• Required work:
Leaving every picture out, please return exactly the lines from the top of the material below through the line with "2024年1月9日,安徽省蕪", both included.

• Dataset section:
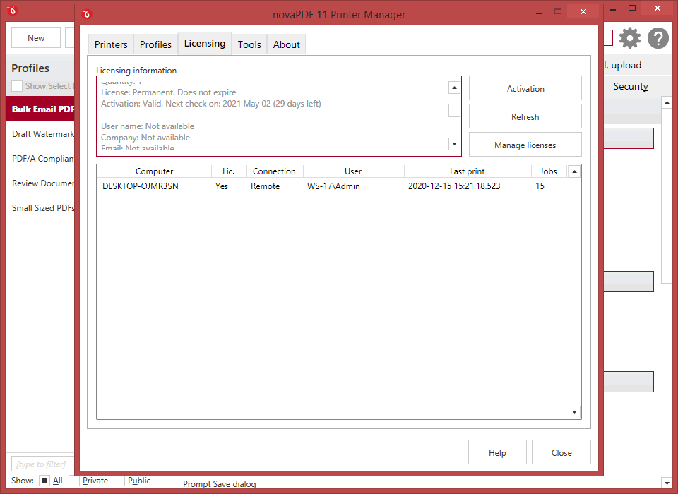 This allows you to manage the licenses for the installed printer driver. Managing licenses is useful when using the installed printer driver as a print server (via the shared network printer or remotely) to add, license, un-license computers/users, and release licenses.
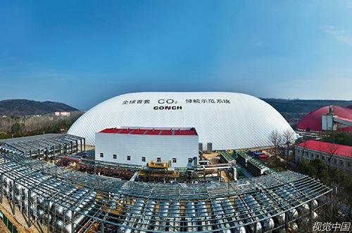 2024年1月9日,安徽省蕪湖市,繁昌區(qū)繁陽鎮(zhèn)庫山村,航拍正在并網(wǎng)發(fā)電的海螺集團10MW/80MWh二氧化碳儲能示范系統(tǒng)項目。
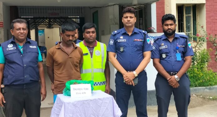 শালিখা (মাগুরা) প্রতিনিধিঃ মাগুরার শালিখায় ৫শ গ্রাম গাঁজাসহ এক মাদক ব্যবসায়ীকে আটক করেছে শালিখা থানা পুলিশ। জানা যায়, গোপন সংবাদের ভিত্তিতে মাদকদ্রব্য উদ্ধার এবং বিশেষ অভিযান পরিচালনা করে গতকাল দিবাগত রাত আনুমানিক ১০.০৫ সময় এস আই আশরাফুল আলম, এএসআই মোঃ লিটন হোসেনসহ সঙ্গী ও ফোর্স নিয়ে তালখড়ি গ্রামের জিতেন রায় এর বাড়ির পিছনে মেহেগুনী বাগানে অভিযান পরিচালনা করে মহেন্দ্রনাথ বিশ্বাস ছেলে কানু বিশ্বাস (৩৮) কে আটক করা হয়। শালিখা থানার অফিসার ইনচার্জ মোঃ মোশাররফ হোসেন বলেন, মাগুরা জেলা সুযোগ্য পুলিশ সুপারের দিক নির্দেশনায় মাদক বিরোধী অভিযান পরিচালনা করছে শালিখা থানা পুলিশ। তারই অংশ হিসাবে ৫শ গ্রাম গাঁজা সহ একজনকে আটক করা হয় । তার বিরুদ্ধে্ শালিখা থানায় একটি মামলা হয়েছে।
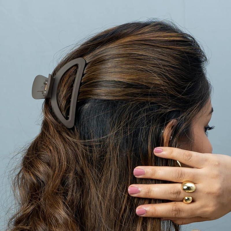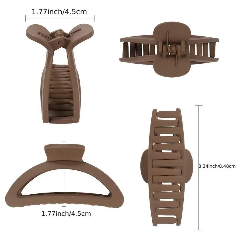Bridester Claw Clips for ThickThin Hair Matte Non-Slip Hair Claw Strong Hold Barrette D-Shaped Hair Clips for Women Girls 3pieces BeigeLight BrownBlack

• Expected output:
 This allows you to manage the licenses for the installed printer driver. Managing licenses is useful when using the installed printer driver as a print server (via the shared network printer or remotely) to add, license, un-license computers/users, and release licenses.
 2024年1月9日,安徽省蕪湖市,繁昌區(qū)繁陽鎮(zhèn)庫山村,航拍正在并網(wǎng)發(fā)電的海螺集團10MW/80MWh二氧化碳儲能示范系統(tǒng)項目。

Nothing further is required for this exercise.